RECORDS FOR THE TASK >>

□ □ □ □ □

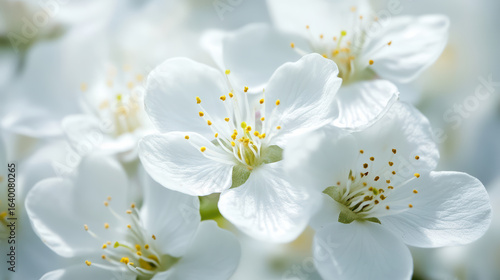 Tranquil close up of white blossoms showcasing their gentle petals and vibrant yellow stamens, evoking sense of peace and beauty in nature
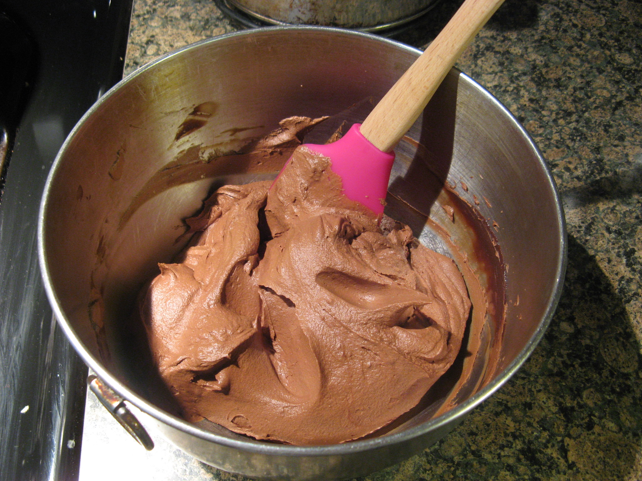 I then cooled the melted chocolate in the refrigerator for about 40 minutes and then 15 minutes in the freezer so it could chill but not become too firm. I then whipped it until it was creamy and then spread it over each of the cupcakes.
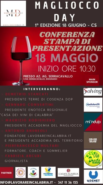 Durante la conferenza stampa, verranno presentati i temi chiave che saranno affrontati durante il Magliocco Day, tra cui il marketing enogastronomico, il management aziendale, l’enoturismo, le nuove tecnologie web applicate al settore e le ultime ricerche nel campo vitivinicolo. Sarà inoltre illustrato il format innovativo dell’evento, che prevede sessioni di approfondimento tecnico, confronto con i produttori e esperti del settore e una sala espositiva dedicata ai vini Magliocco, con la partecipazione di oltre 30 produttori.
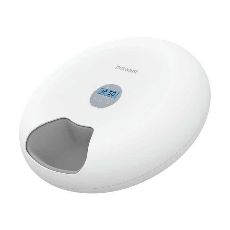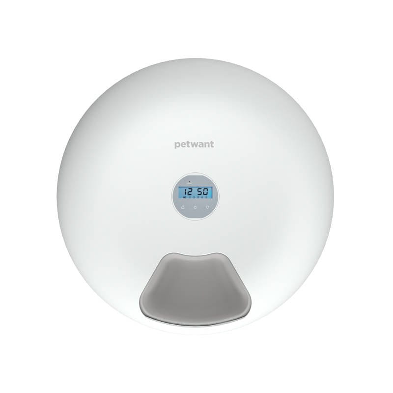 Petwant F6 LED to automatyczny podajnik karmy dla Twojego czworonożnego przyjaciela. W 180 ml miskach możesz umieścić każdy rodzaj posiłku, a robot w zależności od ustawionej godziny, ustawi się na odpowiedni rodzaj pokarmu.
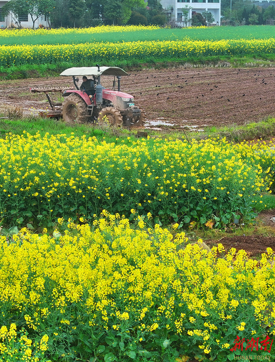 3月22日,衡东县石滩乡,村民驾驶农机在翻耕稻田。春分后气温回升,当地农民抢抓农时开展春耕生产,为全年粮食丰收打好基础。 曹正平 刘嫦 摄影报道(湖南图片库)
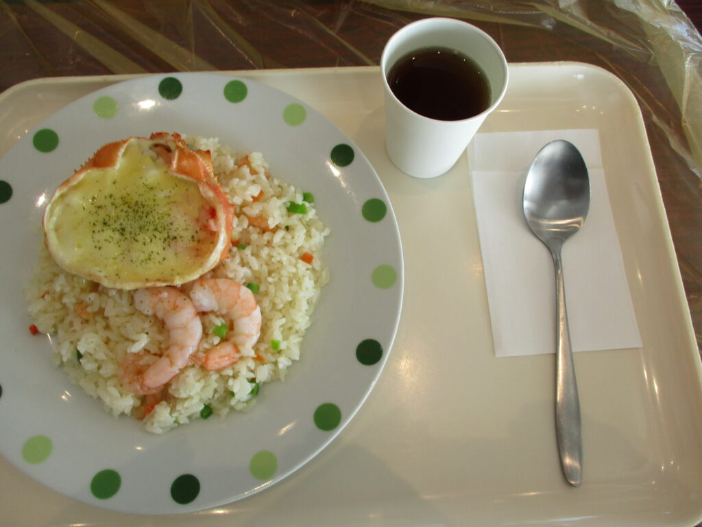 カニの甲羅グラタンと海老が乗った贅沢なピラフ!大好きなコーヒーと一緒に❤
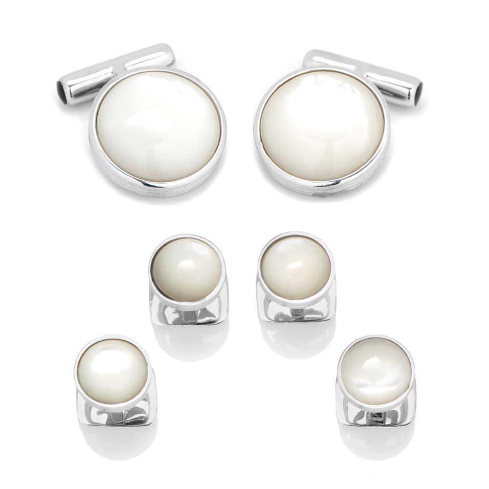 Understated, yet impactful. Opulent, round mother of pearl is set in polished sterling silver with ribbed sides. The cufflinks feature a chain link back for a vintage style. Specifically designed for the classy man, the quality and attention to detail in this stud set makes it a reliable go-to for any occasion.
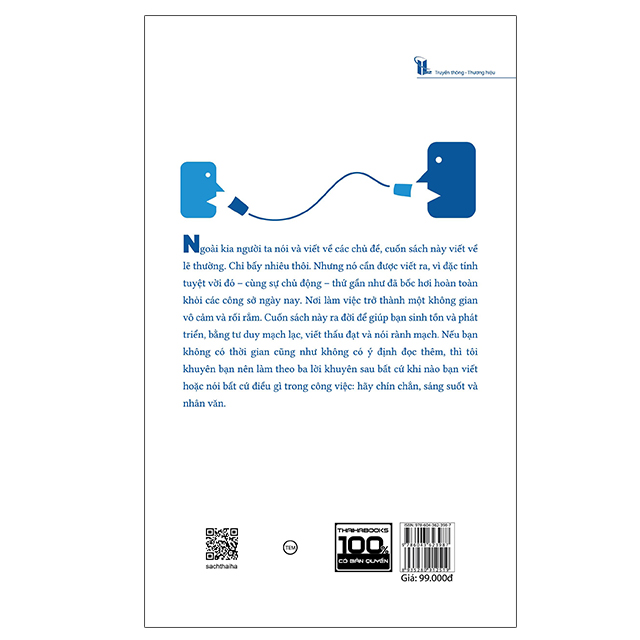 [ThaiHaBooks] Khi ở ngoài kia người ta nói và viết về đủ các thể loại chủ đề, cuốn sách này về lẽ thường. Chỉ bấy nhiêu thôi. Nhưng nó cần được viết ra vì đặc tính tuyệt vời đó – cùng sự chủ động – thứ gần như đã bốc hơi hoàn toàn khỏi các công sở ngày nay. Nơi làm việc trở thành một không gian vô cảm và rối rắm. Cuốn sách này ra đời để giúp bạn sinh tồn – và phát triển bên trong đó – bằng tư duy mạch lạc, viết thấu đạt và nói rành mạch.

□ □ □ □ □

WHAT YOU SHOULD DO >>
Your task is to reproduce the entries above word for word, from the first line through the line with "Petwant F6 LED", and please leave out any pictures.

OUTPUT FOR THIS EXERCISE >>
 Tranquil close up of white blossoms showcasing their gentle petals and vibrant yellow stamens, evoking sense of peace and beauty in nature
 I then cooled the melted chocolate in the refrigerator for about 40 minutes and then 15 minutes in the freezer so it could chill but not become too firm. I then whipped it until it was creamy and then spread it over each of the cupcakes.
 Durante la conferenza stampa, verranno presentati i temi chiave che saranno affrontati durante il Magliocco Day, tra cui il marketing enogastronomico, il management aziendale, l’enoturismo, le nuove tecnologie web applicate al settore e le ultime ricerche nel campo vitivinicolo. Sarà inoltre illustrato il format innovativo dell’evento, che prevede sessioni di approfondimento tecnico, confronto con i produttori e esperti del settore e una sala espositiva dedicata ai vini Magliocco, con la partecipazione di oltre 30 produttori.
 Petwant F6 LED to automatyczny podajnik karmy dla Twojego czworonożnego przyjaciela. W 180 ml miskach możesz umieścić każdy rodzaj posiłku, a robot w zależności od ustawionej godziny, ustawi się na odpowiedni rodzaj pokarmu.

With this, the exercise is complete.